Records from a data collection
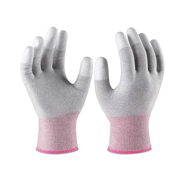 [ThxToms] 静電気防止手袋 作業用 手袋 電気絶縁 グローブ 静電防止手袋 軍手 指先コーティング 背抜き 滑り止め 薄手 男女兼用 電気工事/パソコン/園芸/アウトドア/DIY/防災用 Sサイズ
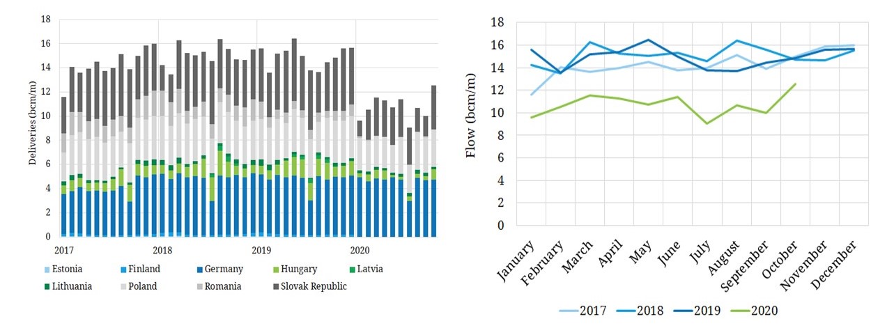 These charts do not show flow volumes to Turkey (e.g. via Bluestream and the new Turkstream pipeline), which have seen a sharp decline in 2020 as buyers sourced cheap LNG as an alternative.
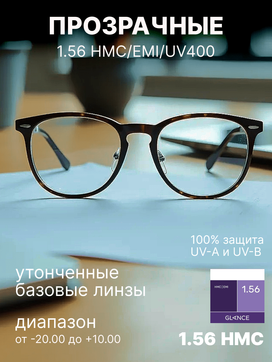 Более тонкая, чем обычная полимерная, линза Glance 1,56 HMC EMI изготовлена из материала с повышенным коэффициентом преломления ne = 1,56. EMI - покрытие — специальное двустороннее металлизированное покрытие, блокирующее электромагнитные волны. Это покрытие обеспечивает защиту от вредного излучения компьютера, телевизора и другой электронной аппаратуры. Высокая степень защиты от ультрафиолетового излучения: 100% UV-B и 97% UV-A.
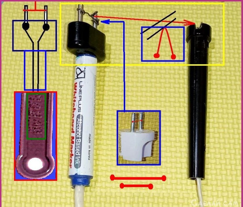 1. Для этого подошел корпус фломастера и старая вилка, которая плотно насаживается на него. Провода проходят внутри корпуса и припаиваются внутри вилки к ее штырям.
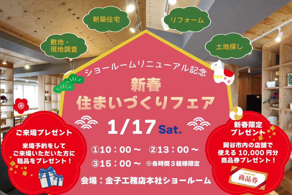 新しい年の始まりに、住まいのことを考えてみませんか!! 新春のお慶びを申し上げます。 弊社は昨年末にショールームを大規模リフォームしました!木の温もりを感じる居心地の良い空間になっております。 今回は、リニューアル記念として〈新春住まいづくりフェア〉を開催します!「いつかは」と思っていたマイホームの夢を一歩進めてみましょう。経験豊富な家づくりのプロと気軽に話…
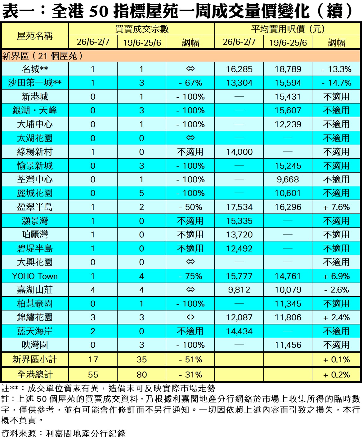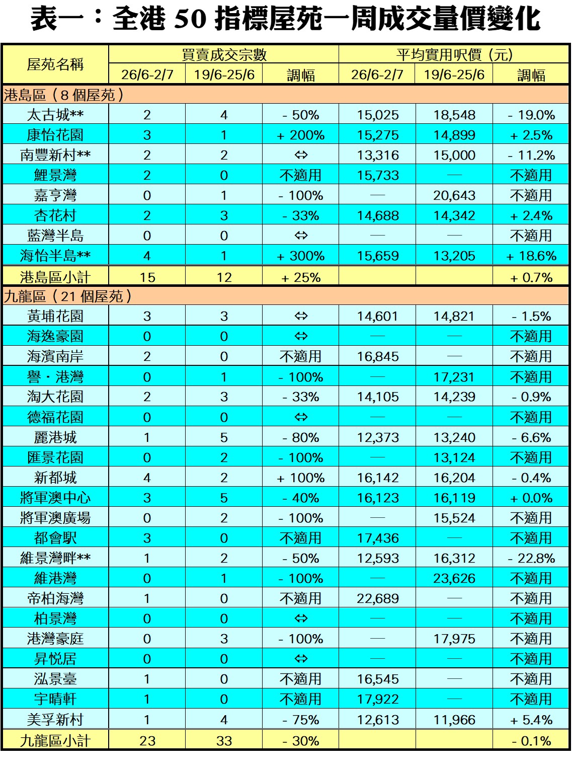 至於,港島區8個指標屋苑上周共錄15宗成交,較前周的12宗增加25%,當中海怡半島錄得4宗交投,較前周的1宗增加3倍;康怡花園錄得3宗買賣,成交量按周增加2倍;嘉亨灣藍灣半島期內暫未錄得交投,雙雙「捧蛋」。此外,在全港50個指標屋苑當中,上周共有21個屋苑錄得「零成交」,較前周的18個增加17%,當中九龍區及新界區各佔9個及10個屋苑,港島區則佔2個(詳見表一)。

__Task brief__.
Reproduce the data above line for line, from its first line through the line containing "These charts do", both ends included, with the pictures omitted and nothing more.

__Exercise result__.
 [ThxToms] 静電気防止手袋 作業用 手袋 電気絶縁 グローブ 静電防止手袋 軍手 指先コーティング 背抜き 滑り止め 薄手 男女兼用 電気工事/パソコン/園芸/アウトドア/DIY/防災用 Sサイズ
 These charts do not show flow volumes to Turkey (e.g. via Bluestream and the new Turkstream pipeline), which have seen a sharp decline in 2020 as buyers sourced cheap LNG as an alternative.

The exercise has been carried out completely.